Жернова. 1918–1953. Книга двенадцатая. После урагана
Шрифт:
– Немцы-то? Немцы постро-о-оят: народ аккуратный, работящий. У них там орднунг – во! – вступился еще один, с лицом, обезображенным глубоким шрамом. – Я там у них воевал – знаю!
– Не ты один там воевал. И неча фрица на энтом деле подлавливать: человек, однако.
– Да я и не подлавливаю! С чего ты взял?
Дитерикс слушал разгоревшийся спор и переводил взгляд с одного спорщика на другого.
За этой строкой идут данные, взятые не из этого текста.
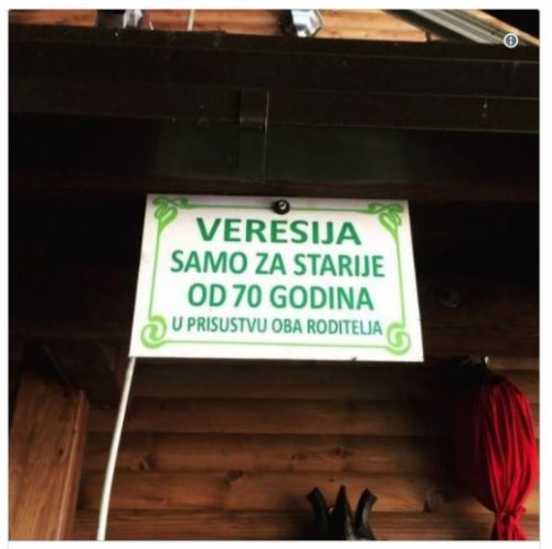 Naime, na vratima jednog restorana osvanuo je natpis koji zasigurno do suza zasmijao svakog gosta. “Veresija samo za starije od 70 godina, u prisustvu oba roditelja”, piše na ulazu u restoran.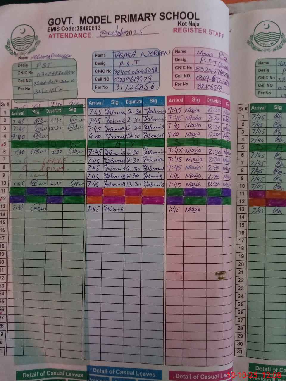 | CNIC | Full Name | Designation | R/C | Absence During Last Calender Month |

Он уже понял, что разговор возник не из неприязни к нему, немцу, а из простого человеческого любопытства, и в нем теперь боролось желание вступить в полемику о социализме с необходимостью соблюдать совет не касаться политических тем в разговорах с рабочими. Совет этот ему дали в парткоме завода, но таким тоном, что он больше походил на приказ, хотя и непонятно, почему он должен избегать
При фюрере в Германии тоже запрещалось вести политические разговоры, если они расходились с официальной точкой зрения. Объяснялось это необходимостью сохранять монолитность германской нации перед лицом враждебного окружения. А чего боятся русские партайгеноссе? Этого ему объяснять не стали, посоветовав: поживете у нас и сами все поймете. Дитерикс в России уже больше двух лет, но понять никак не может…
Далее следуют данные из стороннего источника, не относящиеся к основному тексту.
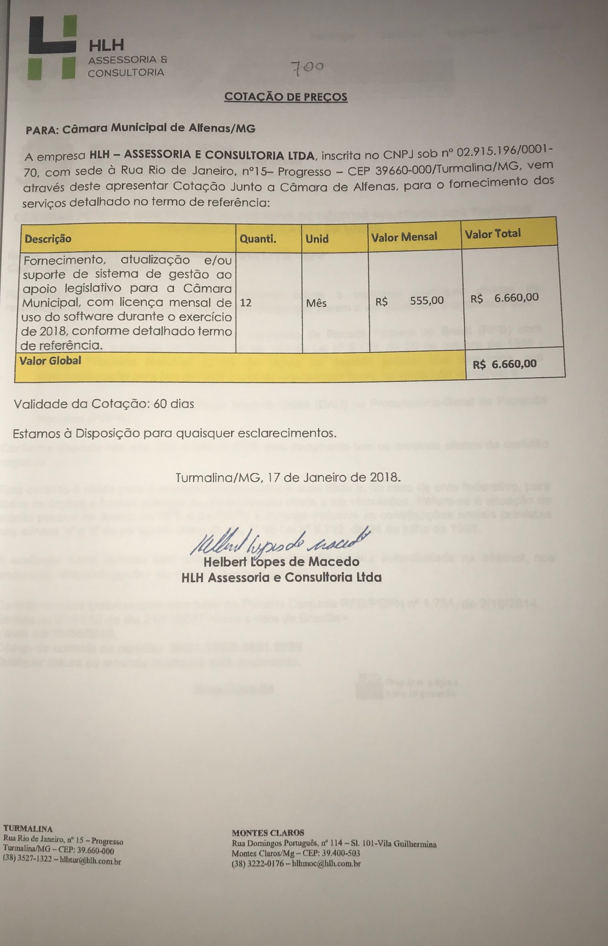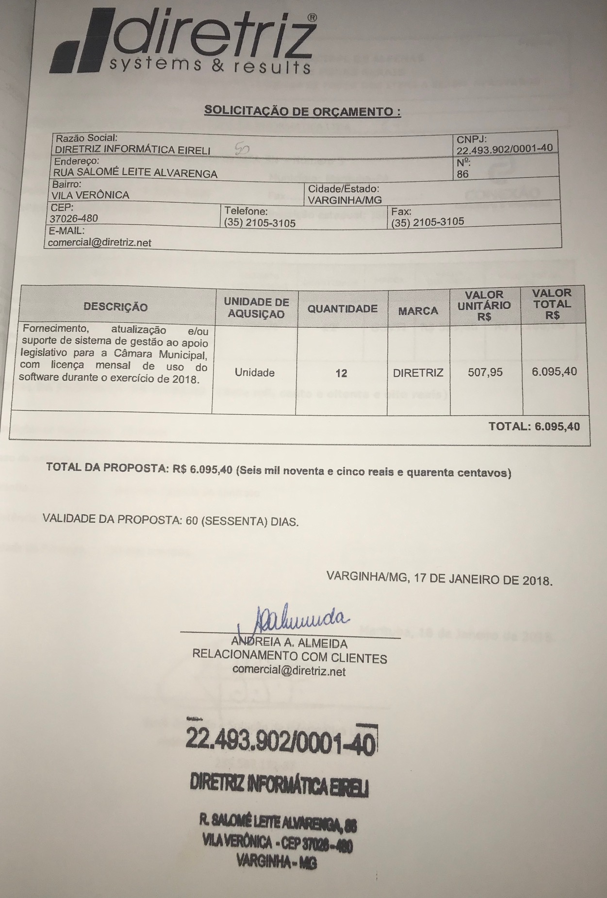 Fornecimento, atualização e/ou suporte de sistema de gestão ao apoio legislativo para Câmara Municipal com licença mensal de uso do software durante o exercício de 2018.

И вспомнилось ему, о чем писали немецкие газеты в двадцатые годы, о чем ожесточенно спорили социал-демократы и коммунисты, пока фашисты не заткнули рот и тем и другим: тот ли социализм, что предсказывали Маркс и Энгельс, строят в России? По газетам и слухам, по рассказам тех, кто ездил в Россию работать по контракту, получалось, что совсем не тот, что русские подменили настоящий социализм суррогатом из славянской мистики, догматически понятого марксизма и азиатской дикости.
– Социалисмус, социалисмус, – проворчал Дитерикс, допивая пиво. – Я плохо понимать руссише социалисмус… Дас ист цигуэнеришесоциалисмус. [17]
– Чего, чего он сказал? – загалдело сразу несколько человек, обращаясь к Малышеву. – Чегой-то он вроде недовольный какой…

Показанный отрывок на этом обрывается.